The pattern of the game then took over. The Harvard defense, which had been no less than spectacular before this game, just didn't have the spunk Saturday. Restic said the defense "didn't play with the same intensity it has in the past weeks in the first half."
And Dartmouth, a team that had been having offensive troubles, started a series of sustained drives, many that ended without scores but all of which helped pile up 37:51-22:09 time-of-possession advantage for the Big Green. The game was "a question of ball control," Restic said afterward. And Harvard wasn't in the driver's seat.
With DuFresne racking up 102 yards on 27 carries, quarterback Jeff Kemp--son of the ex-quarterback and now-senator from New York, Jack--shifted the Dartmouth offense into gear.
Fullback Mark Akey notched the first points of the game, taking a quick opener off left guard from the Harvard three for six points at 0:01 in the second period.
The Harvard offense that had started out looking so good turned to mediocrity as Dartmouth shut down the run and St. John overthrew his receivers by miles. And so the half died, mercifully, with Dartmouth up, 7-0.
Dartmouth opened the second half with a mirror image of the first Harvard drive, marching to the Crimson 15 before its offense failed and a Chris Sawch field goal try sailed wide.
Though Hollingsworth fumbled the ball away on the next series, the Crimson defense held Dartmouth and forced a punt, a play that became this week's oddity. Larry Margerum fumbled the snap on the kick and booted the ball off the stadium turf, watching his drop-kick roll dead at the Harvard one. But the Hanover celebration ended when the officials ruled the punt illegal and gave Harvard a first and ten at the Dartmouth 36.
St. John went to work, finally hitting Rich Horner on a play-action pass from the nine-yd. line for a score. Cody's kick knotted the game at 7-7, just 1:17 into the final period.
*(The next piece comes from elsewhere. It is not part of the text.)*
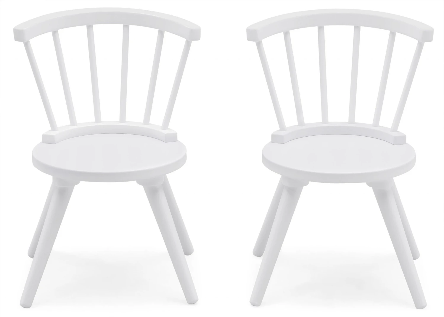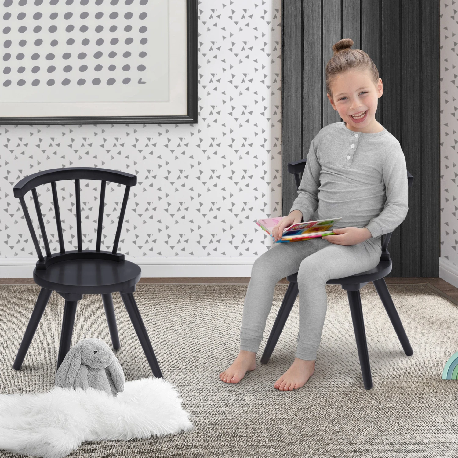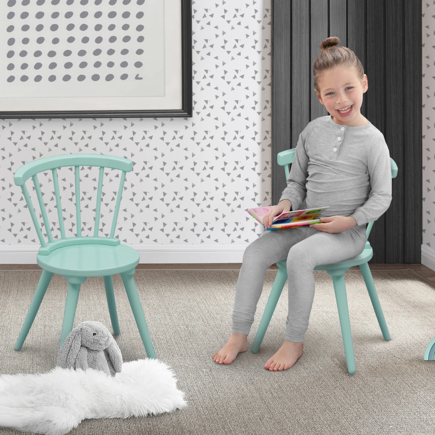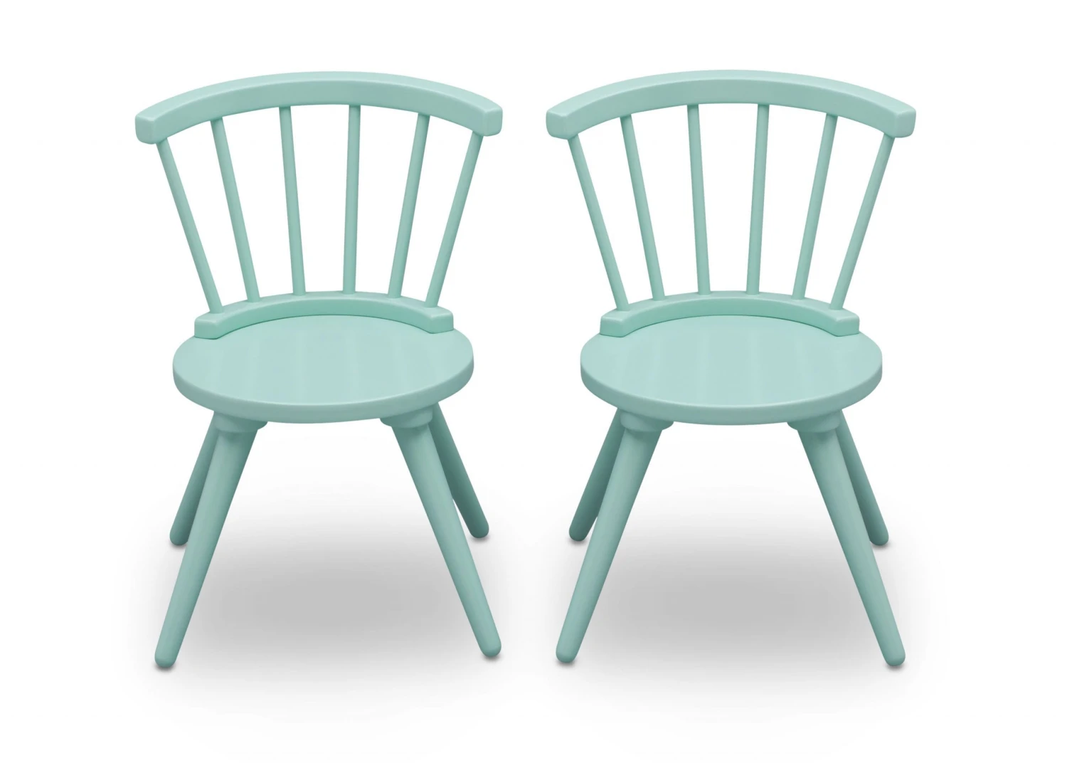 Have a seat (or two) with this Windsor 2-Piece Chair Set by Delta Children. These sturdy wooden chairs are designed in a traditional style and feature a recognizable Windsor silhouette with vertical spokes and curved backs. Sized just right for your growing child, the 12-inch seat height of these kids’ chairs ensure they can be used for many years. To complete your play space, pair these chairs with Windsor Table and Chair Set (sold separately) or any other play table of your choice.

Dave Shula, son of Dolphin coach Don tied a school record for most career receptions (83) on the next series, and the Big Green march goalward. A flimsy Harvard secondary and porous Crimson frontline could not stop the drive, which ended with a 24-yd. field goal by Sawch, the margin of victory with 11:16 gone in the fourth quarter--a 7:12 drive that went 63 yards on 15 plays.
When Harvard got the ball back, it could not move. And on the next exchange, St. John threw an interception to Barry Pizor. Though the defense stiffened in the final minutes, the comeback was not to be, as an inexperienced kicking game betrayed Harvard and pushed the Crimson record back to 1-4, 1-2 in the Ivies.